What the task asks: Give back exactly the lines from the beginning of the listing below to the line holding "Antiguo refajo de", both ends included; the pictures stay out.

The data:
◇ ◇ ◇ ◇ ◇ ◇ ◇

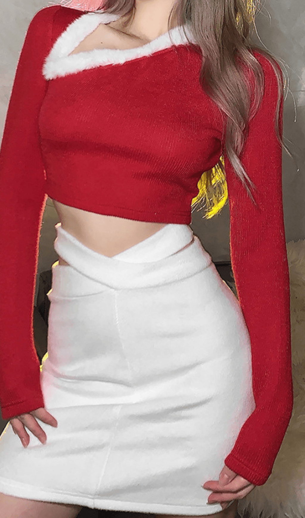 • Product design points:New fashion sexy slanted shoulder short hairy stitching and long sleeve knitting
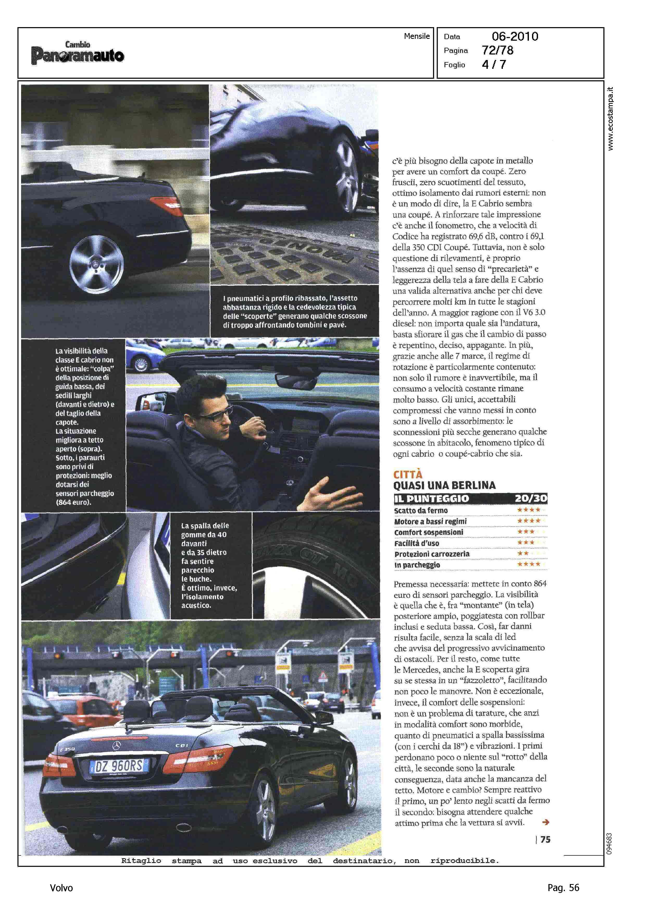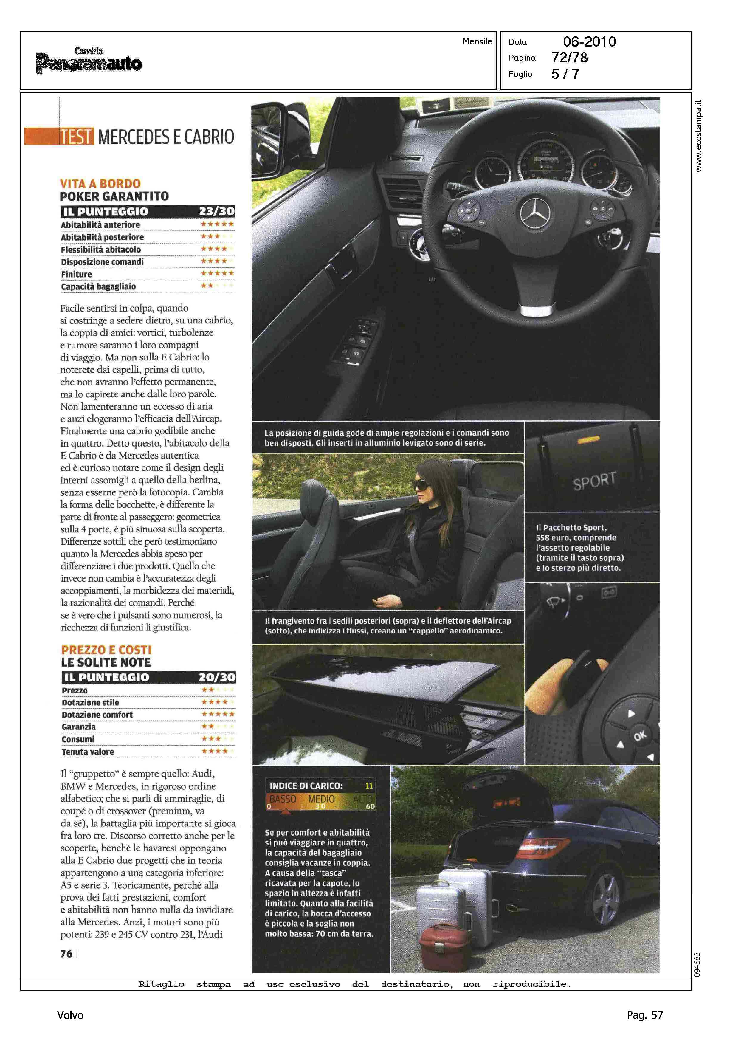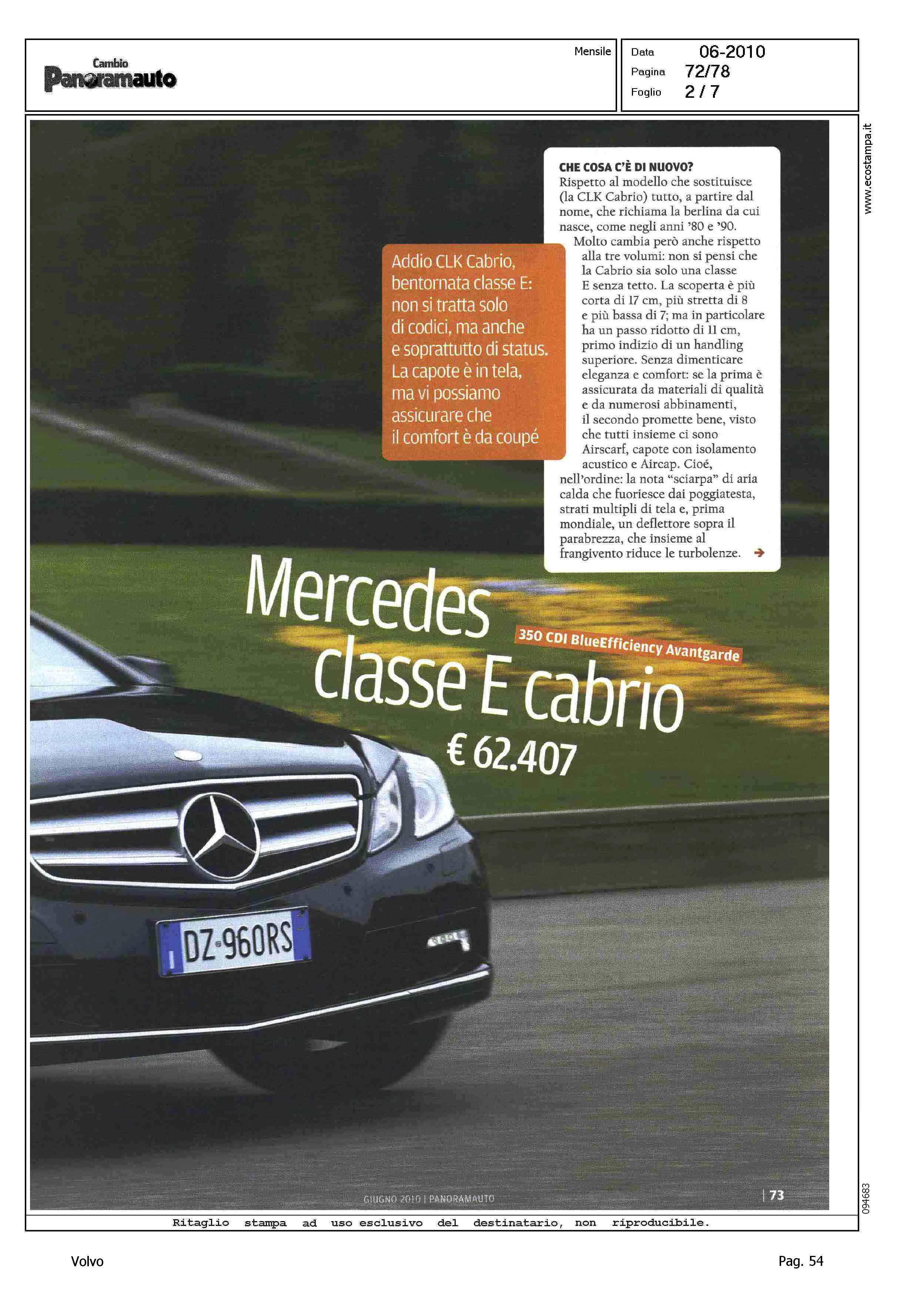 Highlight: VOLVO C70 CONVERTIBLE 2.4 D5 20V SUMMUM - SCHEDA TECNICA - TABELLA "IN PIU', IN MENO" - COMPETITOR VS CLASSE E CABRIO 350 CDI BLUEFFICIENCY AVANTGARDE
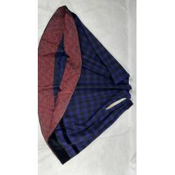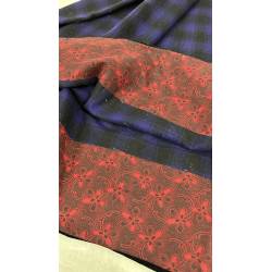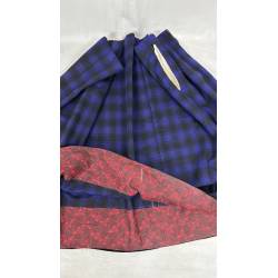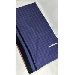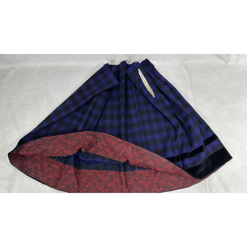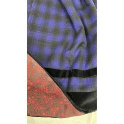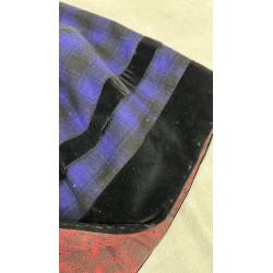 Antiguo refajo de tartán de lana a cuadros negro y azul hacia morado.
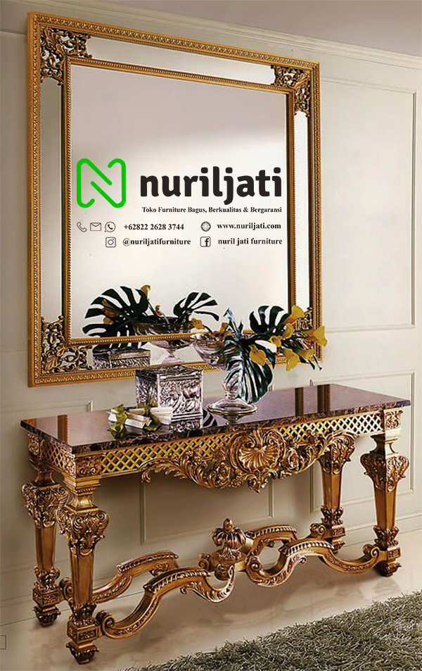 Meja Rias Safira ini salah satu produksi mebel ukir interior untuk ruang kamar anda dengan menggunakan model ukir mewah gold khas jepara terbaru dengan menyesuaikan trend era furniture meja rias saat ini. Meja rias ukir berkualitas ini merupakan salah satu produk interior premium klass untuk ruang kamar anda yang paling populer saat ini.
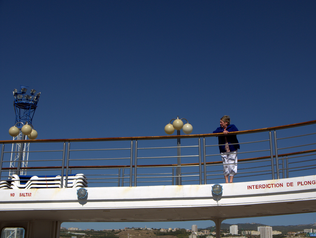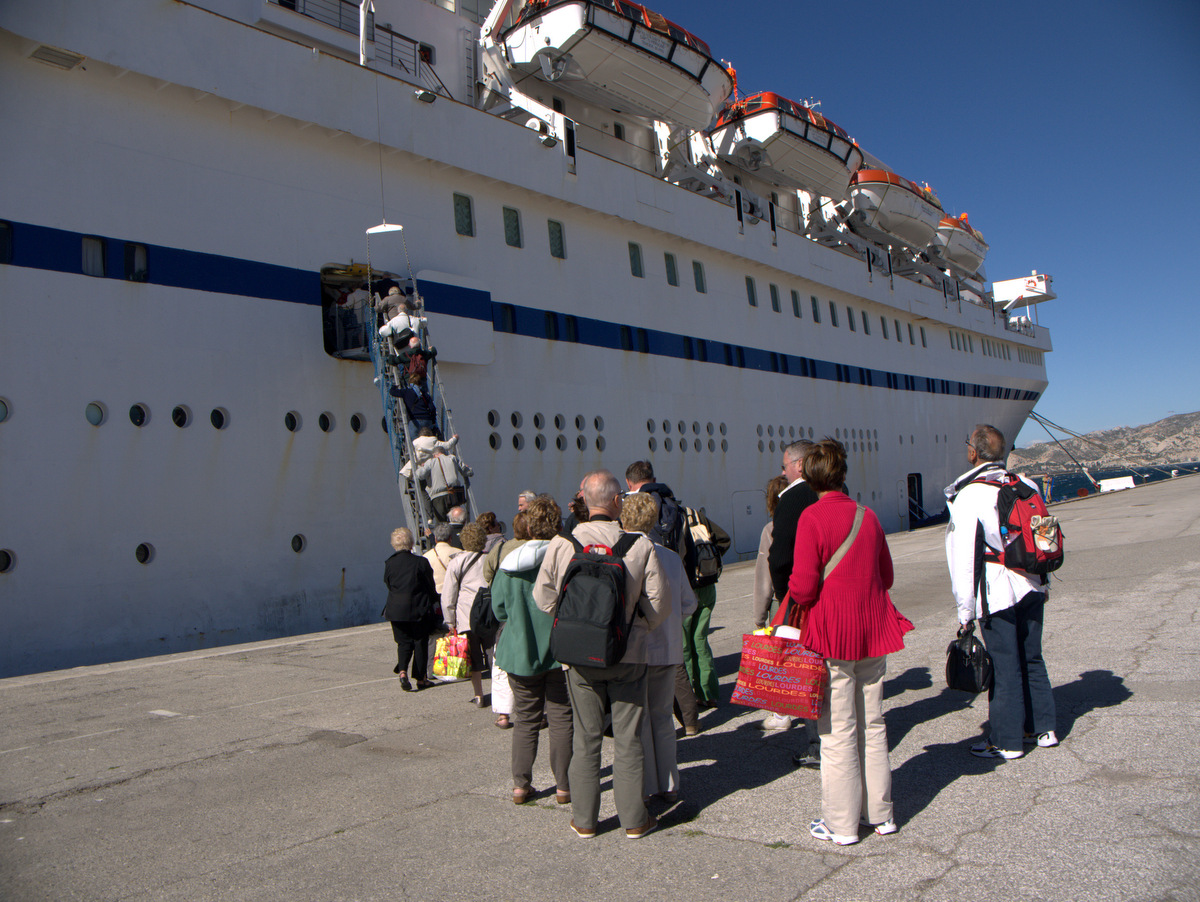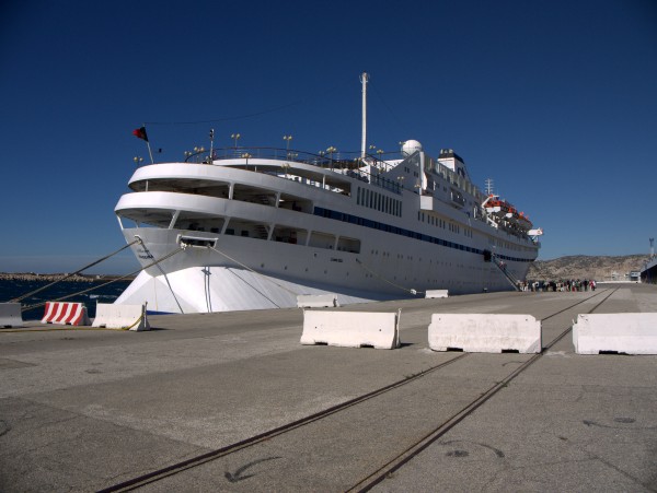 Mercredi soir, me voilà donc Gare Centrale pour embarquer dans un bus à destination de Marseille. J’aurai bien voulu démonter le cliché du croisiériste retraité mais ici, ce n’est pas le cas! Normal: un « petit » paquebot (un peu plus de 500 passagers), une navigation hors de la période des vacances sont en général synonymes de seniors en goguette. Dans le bus, la moyenne d’âge doit être de 65 ans! N’ayant pas spécialement de problèmes à me « coltiner des vieux » (triple guillemets), souvent bien plus drôles et libérés qu’on l’imagine, surtout quand ils sont en vacances. On monte dans le bus, et en route vers le soleil. J’en profite pour faire plus ample connaissance avec Tilde, l’accompagnatrice. Tilde est juriste et quand elle prend des vacances, on la retrouve comme accompagnatrice sur un bateau de croisière. Une façon de voir le monde à moindre frais et d’une manière originale. Et ni une, ni deux, elle me transforme également en gentille organisatrice! Annonce en français, comptage des passagers lors des pauses, distribution de boissons… Un vrai petit job d’hôtesse! Je laisse faire, ça fait passer le temps! Pour un voyage de 13 heures, c’est appréciable!
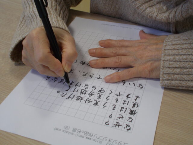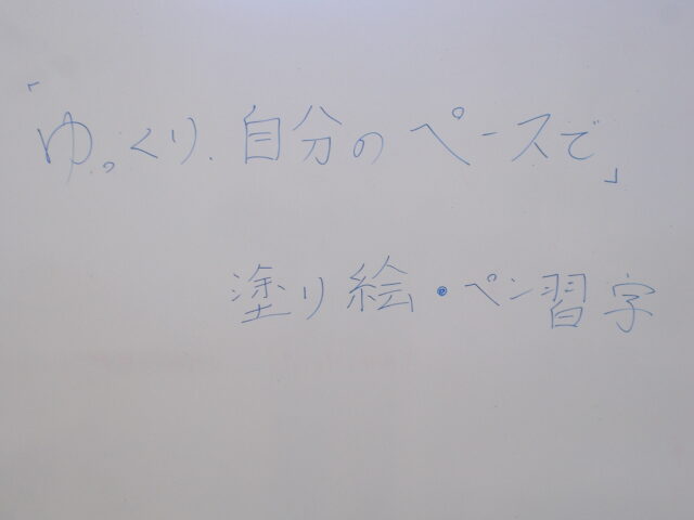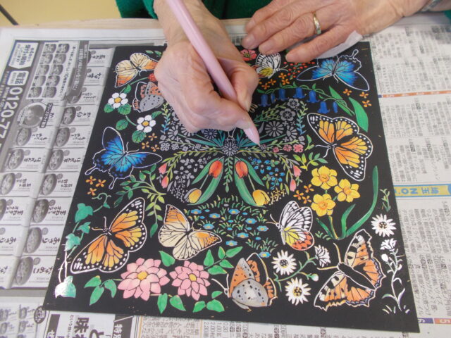 「ペン習字/塗り絵」プログラムではペン習字や細かい塗り絵の他、スクラッチアートも行われます
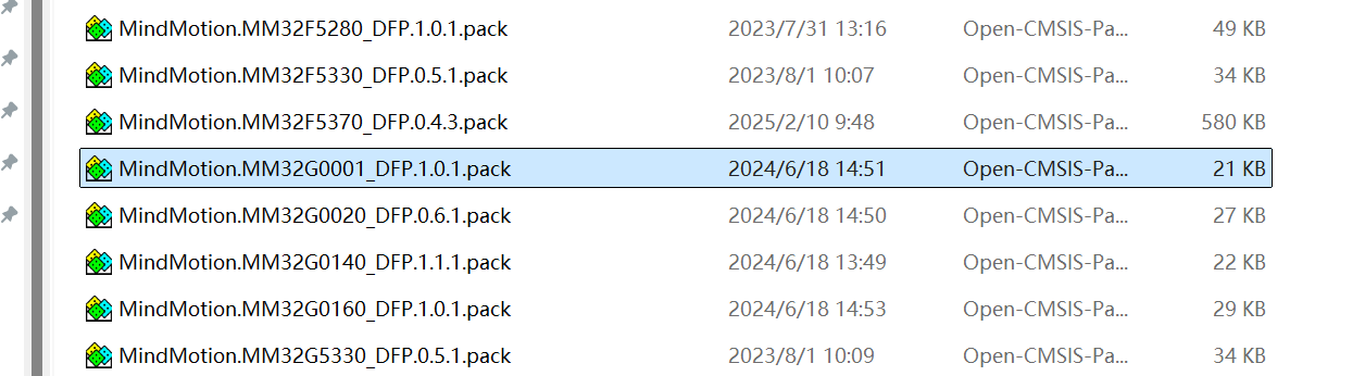 首先需要资料中的MM32_KEIL_Pack_2.27文件夹中的本开发板的keli加入到keli里边去,只需双击即可。MindMotion.MM32G0001_DFP.1.0.1对应keli包是这个。
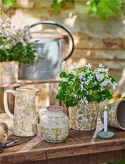 Bringe einen Hauch von Vintage in dein Zuhause – mit dem Blumentopf Blossom von Ib Laursen! Du suchst nach einem dekorativen Highlight für dein Zuhause? Der Topf Blossom aus hochwertiger Keramik vereint verspieltes Design und natürlichen Charme – perfekt, um deinem Zuhause einen besonderen Akzent zu verleihen. Ob für deine Lieblings-Zimmerpflanzen, frische Kräuter in der Küche oder einen zarten Blumenstrauß, dieser Topf ist ein echter Hingucker. Wähle zwischen zwei traumhaften Designs:  Green Blossom - mit seinem stilvollen grünen Muster, das von der Natur inspiriert ist, holst du dir den Zauber der Pflanzenwelt direkt ins Haus. Meadow Blossom - in sanftem Creme gehalten und mit einem romantischen Blumenmuster verziert, bringt dieser Topf einen Hauch von Vintage-Romantik in dein Zuhause. Beide Designs sind jeweils erhältlich in zwei Größen: 10,7xØ13,1 cm – perfekt für kleine Pflanzen oder zarte Bouquets. Oder etwas größer, 13xØ 14 cm – ideal für üppigere Arrangements oder größere Pflanzen. Entdecke das Design Meadow Blossom bei uns im Sortiment auch als passende Vase – wunderbar für selbst gepflückte Blümchen und Gräser! Der Blumentopf ist nicht nur ein stilvolles Deko-Element, sondern auch eine wunderschöne Geschenkidee – ob zum Muttertag, Geburtstag oder einfach mal so, um jemandem eine Freude zu machen. Wir wünschen viel Freude mit dem Blumentopf Blossom aus Keramik von Ib Laursen.
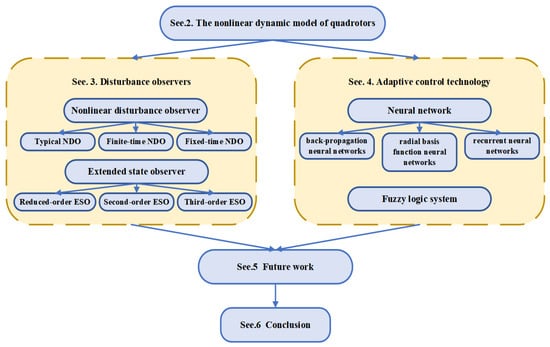 In light of the above discussion, we provide a survey of common disturbance rejection techniques for quadrotors. Section 2 describes the nonlinear dynamic model of quadrotors. Section 3 introduces two disturbance observer techniques and their variants. Section 4 discusses the application of adaptive control techniques in disturbance rejection. Section 5 proposes future work on disturbance rejection techniques. Section 6 is the conclusion of the survey. The structure of the survey is shown in Figure 1.

◇ ◇ ◇ ◇ ◇ ◇ ◇

Exercise answer:
 • Product design points:New fashion sexy slanted shoulder short hairy stitching and long sleeve knitting
 Highlight: VOLVO C70 CONVERTIBLE 2.4 D5 20V SUMMUM - SCHEDA TECNICA - TABELLA "IN PIU', IN MENO" - COMPETITOR VS CLASSE E CABRIO 350 CDI BLUEFFICIENCY AVANTGARDE
 Antiguo refajo de tartán de lana a cuadros negro y azul hacia morado.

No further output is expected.